Sampling from a large population

Now suppose we’re sampling from a sock warehouse that contains hundreds of thousands of socks. Of these, 20% are blue, 50% are grey, and 30% are black.

Question #5: Consider randomly selecting two socks from this drawer. It is reasonable to view these selections are independent? Why or why not?

Question #6: Consider a sample of five socks, all of which are blue. Do you believe this could have been a random sample from the warehouse? Justify your answer using probability.

Question #7: Consider a sample of five socks, none of which are blue. Do you believe this could have been a random sample from the warehouse? Justify your answer using probability.

\(~\)

Application - Diagnostic Testing

The previous examples illustrate one way that probability is used in statistical inference, or the process of learning about a population using sample data.

Another application of probability is in the realm of diagnostic testing. In a diagnostic test, an individual who gets tested either has the disease or does not have the disease. Then, they either test positive or negative.

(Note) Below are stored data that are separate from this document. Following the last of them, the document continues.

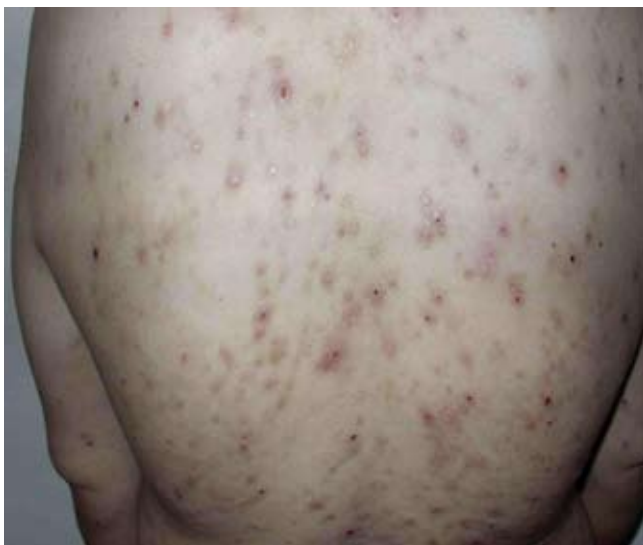
Fig. 1. Skin eruption on the back.

A detailed laboratory examination was carried out. The results were: haemoglobin level 8.3 g/dl (normal 12–14 g/dl), lactate dehydrogenase 678 U/l (normal 125–243 U/l), carcinoma antigen 125 > 600 (normal 0–35). The following values were normal: peripheral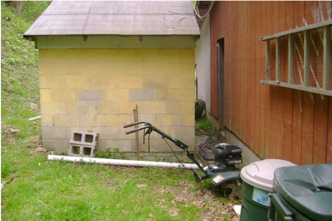
Photograph # 1: View of well house – sample DW-1.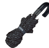
HUF310J Dia. 1030 / L. 358 mm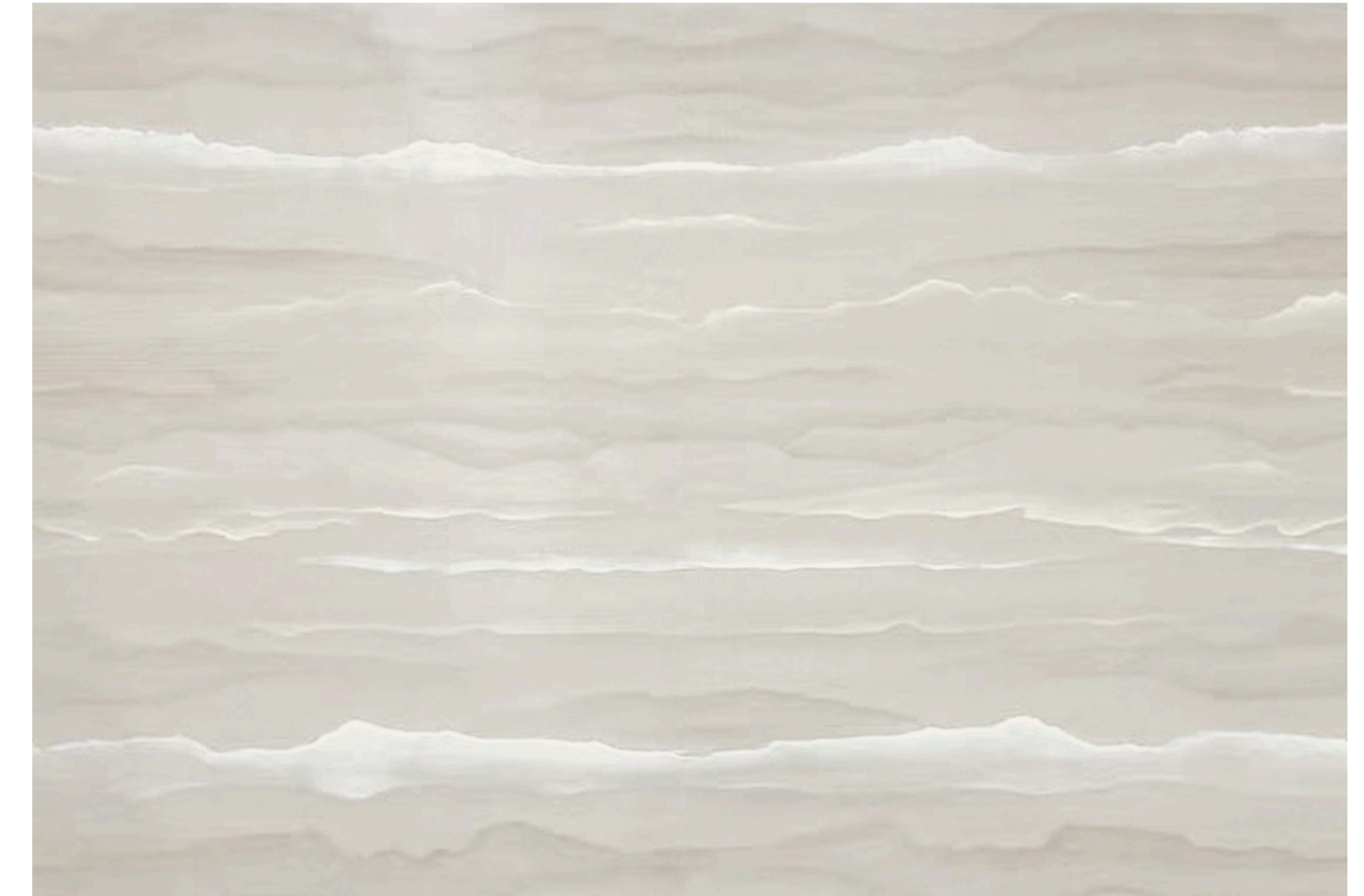
Lines White on Artificial sleek silk / HP-AS-03

Before we begin our application, we need to define two different conditional probabilities:

  • Sensitivity: The probability that someone who has the disease will receive a positive test result
  • Specificity: The probability that someone who does not have the disease will receive a negative test result

ELISA and HIV

Enzyme-Linked Immunosorbent Assays, or ELISA, are commonly used to determine if an individual has human immunodeficiency virus (HIV). An ELISA test is often used as a screening test prior to blood donation to prevent transmission of HIV. However, as with most medical diagnostic tests, it is not infallible. Experts estimate that if an individual truly has HIV, they’ll test positive during an ELISA screening 97.7% of the time. If an individual does not have HIV, they’ll test negative 92.6% of the time.

Question #8: Based upon the information above, what is the sensitivity of an ELISA test?

Question #9: Based upon the information above, what is the specificity of an ELISA test?

Question #10: Suppose an individual tests positive during an ELISA screening prior to a blood donation. How likely do you think it is that this person actually has HIV? In your write-up, record whether you think this probability is closest to 0.1, 0.5, or 0.9. For now, there’s not a correct answer, I’m only looking for your intuitive judgment and a brief explanation.

\(~\)

Conditional Probability and Contingency Tables

Imagine a hypothetical population of 1,000,000 people and suppose that 0.5% of this population actually has HIV (this is roughly the percentage in the US).

Question #11: How many people in this population have HIV (as a count)? How many do not have HIV (as a count)?

Question #12: Considering all of the members of the population who have HIV, if 97.7% of them would test positive on an ELISA screening, how many positive and negative tests will there be (as counts) in this group?

Question #13: Considering all of the members of the population who do not have HIV, if 92.6% of them would test negative on an ELISA screening, how many positive and negative tests will there be (as counts) in this group?

Question #14: Using your answers to Questions #11 - #13, fill out the contingency table outlined below:

Positive ELISA Negative ELISA Total
Has HIV
Doesn’t have HIV
Total 1,000,000

\(~\)

Reversing the Conditional Probabilities

Question #15: Using the hypothetical contingency table you created in Question #14, what proportion of those who test positive on an ELISA screening test actually have HIV? Why is this probability smaller than what most people would expect?

Question #16: Using the hypothetical contingency table you created in Question #14, what proportion of people who test negative on an ELISA screening test are actually free of HIV? How does this probability estimate compare with what you’d expect?